Sua vida de fotojornalista começou quase que por acaso. Suas fotos eram um meio de se expressar e alguns canais de comunicação viram ali um potencial interessante. Esse caminho levou Claudia a trabalhar por um tempo para a revista Realidade, que, inclusive, promoveu seu primeiro contato com os povos que viviam na Floresta Amazônica.
O primeiro contato
Claudia foi enviada pela revista para cobrir uma publicação especial sobre a Amazônia. A empresa pediu que ela não fotografasse as populações indígenas por receio da censura da ditadura (essa edição saiu em 1971), mas a fotógrafa foi contra o pedido. No fim das contas, os editores utilizaram suas fotos – inclusive na capa – e Claudia decidiu que não iria mais trabalhar como fotojornalista. Ela queria aprofundar seus conhecimentos e seu contato com os índios. Para isso escolheu o povo Yanomami.
Os primeiros contatos foram complicados. Não havia acesso fácil para as aldeias, a população não falava português e Claudia não sabia qualquer palavra da língua local indígena. Porém, decidida como estava, ela continuou com muita paciência e empatia. Suas primeiras fotos aconteceram em Roraima, na região do Catrimani; representavam a vida cotidiana dos Yanomami e alguns rituais xamânicos.
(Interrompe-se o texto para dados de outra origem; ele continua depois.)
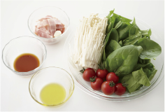 - サラダほうれん草を大きめに切る。

Enquanto isso, era colocado em prática o Plano Nacional de Integração (PIN), instituído pelo presidente Emílio Médici e que visava a integração do Brasil por meio da construção de estradas e da povoação dos lugares por onde elas passassem. Naquela época, a Amazônia era vista como uma “terra a ser ocupada”, principalmente por ser um possível alvo de invasão por estrangeiros (aqui, incluem-se também os próprios povos nativos).
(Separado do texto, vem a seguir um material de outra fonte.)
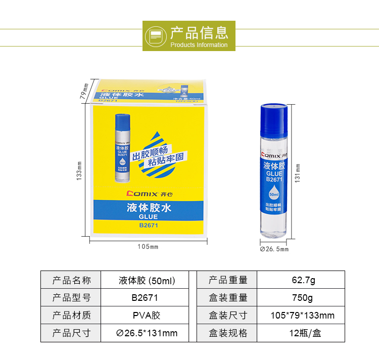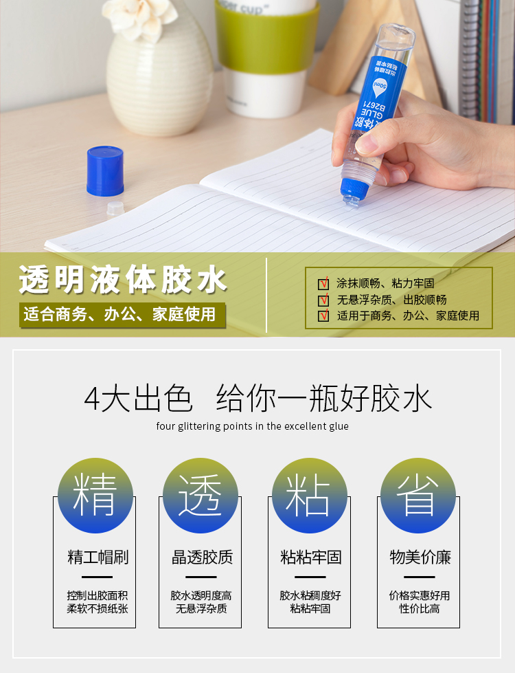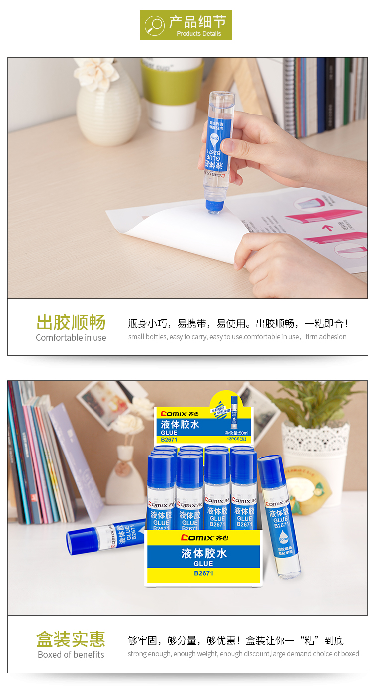 齊心 B2671 膠棒/固體膠/膠水 液體膠水50ml財務(wù)辦公用品學(xué)生手工粘貼票據(jù) 單瓶

A construção dessas estradas, principalmente da Transamazônica e da Perimetral Norte, resultou em inúmeras mortes da população indígena. Houve desmatamento de áreas próximas às aldeias, o que comprometeu a biodiversidade e o estilo de vida daqueles povos; os operários trouxeram doenças e o governo não se preocupou em vacinar a população nativa ou em dar qualquer suporte de saúde; as estradas, além de tudo, abriram um caminho fácil para os garimpeiros.
Muitos problemas vieram, como prostituição, violência, mendigagem, abandono das plantações e da caça. Ao todo, mais de 8 mil índios morreram.
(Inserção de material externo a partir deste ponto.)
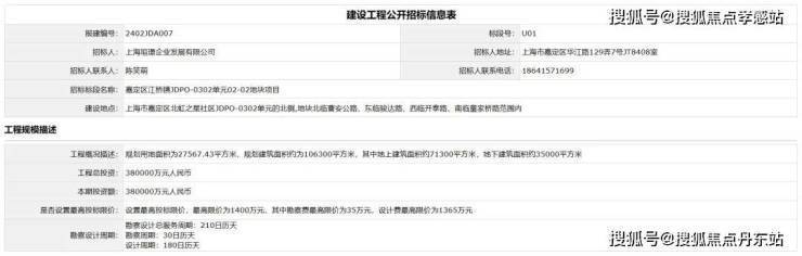 公示发布后不久,上海市建设工程交易服务中心随即发布了该地块的建设工程公开招标信息。

Em meio a essa situação, Claudia, junto a dois amigos, criou a Comissão Pró-Yanomami (CCPY) e começou a denunciar os crimes cometidos contra os povos com quem ela vivia. É aí também que começa a luta pela demarcação da Terra Indígena Yanomami (TIY). A Fundação Nacional do Índio (Funai) chegou a expulsá-la da aldeia onde estava, porém Claudia conseguiu voltar um ano depois com outros planos.
Tornou-se ativista, começou a estabelecer planos de saúde, organizou protestos e sua fotografia passou a ter um caráter de denúncia. Junto a Davi Kopenawa Yanomami, xamã e líder indígena, Claudia passou a lutar contra o genocídio desses povos e a expôr os problemas enfrentados para quem quisesse ouvir.
Uma de suas exposições gerou impacto nacional: aconteceu em 1989 e foi denominada “Genocídio do Yanomami: morte do Brasil”.
Em 1992, depois de muita pressão internacional e de inúmeras denúncias feitas pela CCPY em embaixadas internacionais e na Organização das Nações Unidas (ONU), o governo de Fernando Collor reconheceu e homologou as TIY. Hoje, a terra dos Yanomami corresponde a 96.650km² da floresta tropical brasileira.
Entretanto, a demarcação não impede as invasões. Elas continuam acontecendo: estima-se que, atualmente, existam cerca de 20 mil garimpeiros nessas terras.
Quando Claudia começou a fotografar os Yanomami, eles lhe perguntaram qual era a finalidade de suas fotos. A intenção era fazer um livro para que as pessoas pudessem conhecer os povos indígenas e, assim, talvez criar empatia e respeito por sua cultura e seu povo. Hoje, sabemos que essa busca ainda não terminou. Com 89 anos, Claudia continua a lutar pela vida do povo Yanomami pois essa constitui, também, a sua vida.